Friday, April 24, 2015

The art of the non-denial denial

Nobody ever did it better than a man named Clinton;
I don't think you will be able to find a single instance where I changed my position due solely to a donation.
That was supposedly an answer to a question about whether or not he did change positions because of campaign contributions. And it's not a lost art, at all. Not now that another Clinton is running for President;
Brian Fallon, a spokesperson for the Clinton campaign, tells the [NY] Times the suggestions of impropriety were "baseless".
There is not a shred of evidence "supporting the theory that Hillary Clinton ever took action as secretary of state to support the interests of donors to the Clinton Foundation", he adds.

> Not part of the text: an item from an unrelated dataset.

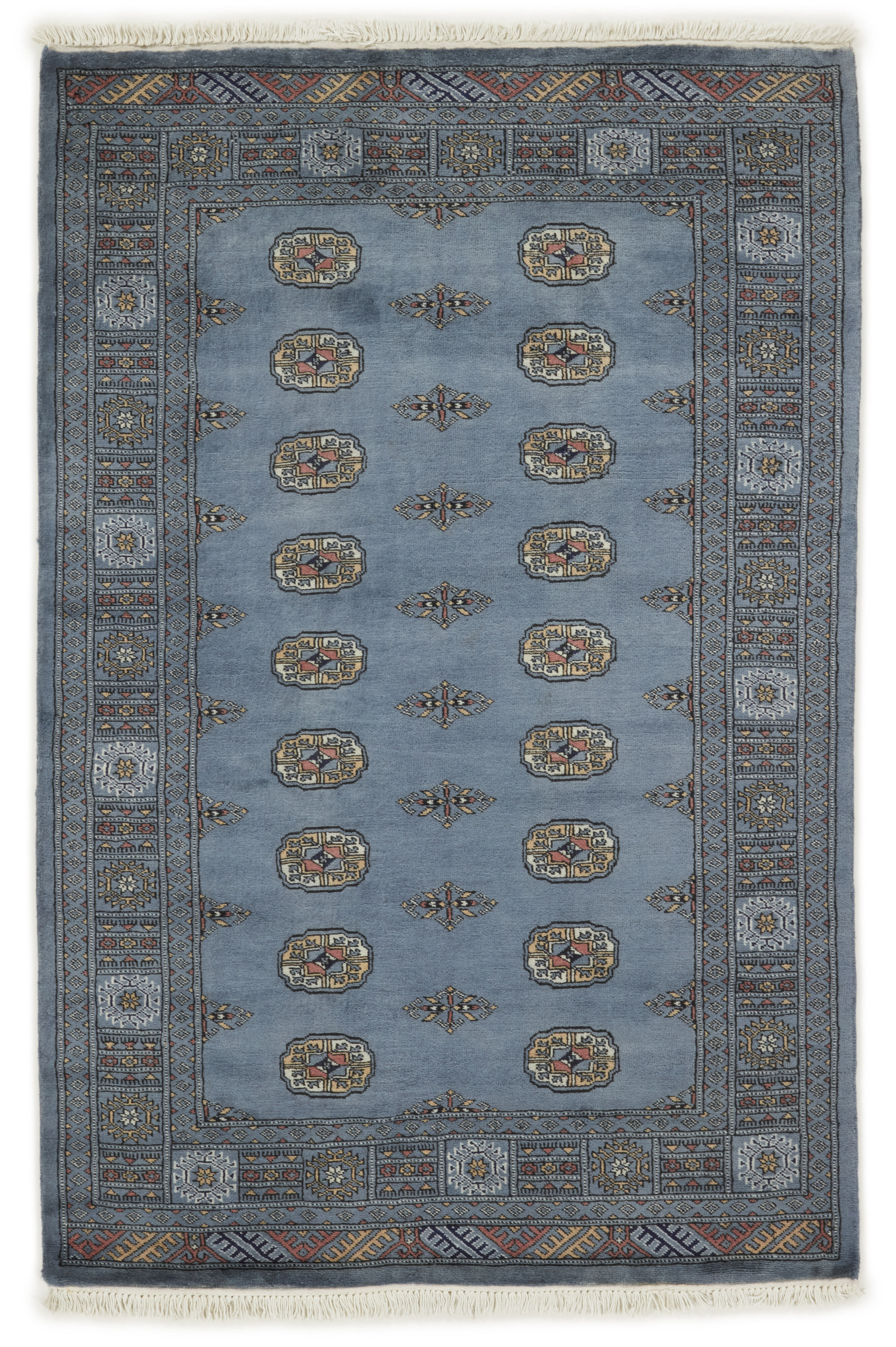 The 3-Ply rugs are produced in Lahore, Pakistan’s second largest city, which is also is the centre of the country’s hand knotted rug production. The rugs most often have the Tekke and Bokara patterns, which were originally inspired by patterns from Turkmenistan. The people of the Tekke Tribe, which was the largest nomadic tribe in Turkmenistan, were known as very industrious rug producers. The term Ply indicates the number of threads wound together to produce the yarn itself; 3-Ply thus guarantees that the yarn consists of three threads wound together. 3-Ply rugs appear thicker and softer than 2-Ply, as more wool is used to produce the rug. The quality of wool is particularly soft and shining, and the warm-coloured patterns are simple and harmonious.

Which is in response to stories breaking in the New York Times and Washington Post supporting the theory that she very well might have. As the BBC piece explained;
In the Times Jo Becker and Mike McIntire write about a Russian energy conglomerate's purchase of a Canadian company with uranium mining interests in the US and Kazakhstan. It's a detailed, 4,000-word investigation with a lot of moving parts, but the gist is clear.
The chairman of the Canadian company that profited from the sale, Ian Telfer, donated millions of dollars to the foundation - most of which was not reported publicly. The founder of the company, Frank Giustra, also donated $31m (£20.5m) to the foundation and flew former President Bill Clinton to Kazakhstan in 2005, at a time when the nation was considering whether to grant uranium mining rights to Canadian company.
Can we count those shreds? Or these;
In 2010, at roughly the same time, the Russian company, Rosatom, was attempting to purchase the Canadian company, President Clinton travelled to Moscow and was paid $500,000 by a bank affiliated with Rosatom.
The US government, including the Department of State then headed by Democratic presidential candidate Hillary Clinton, had to approve the Russian purchase, as it involved acquiring strategic mineral rights on US soil. It did.
So where are the feminists to insist that the Caesarina's husband must be above suspicion.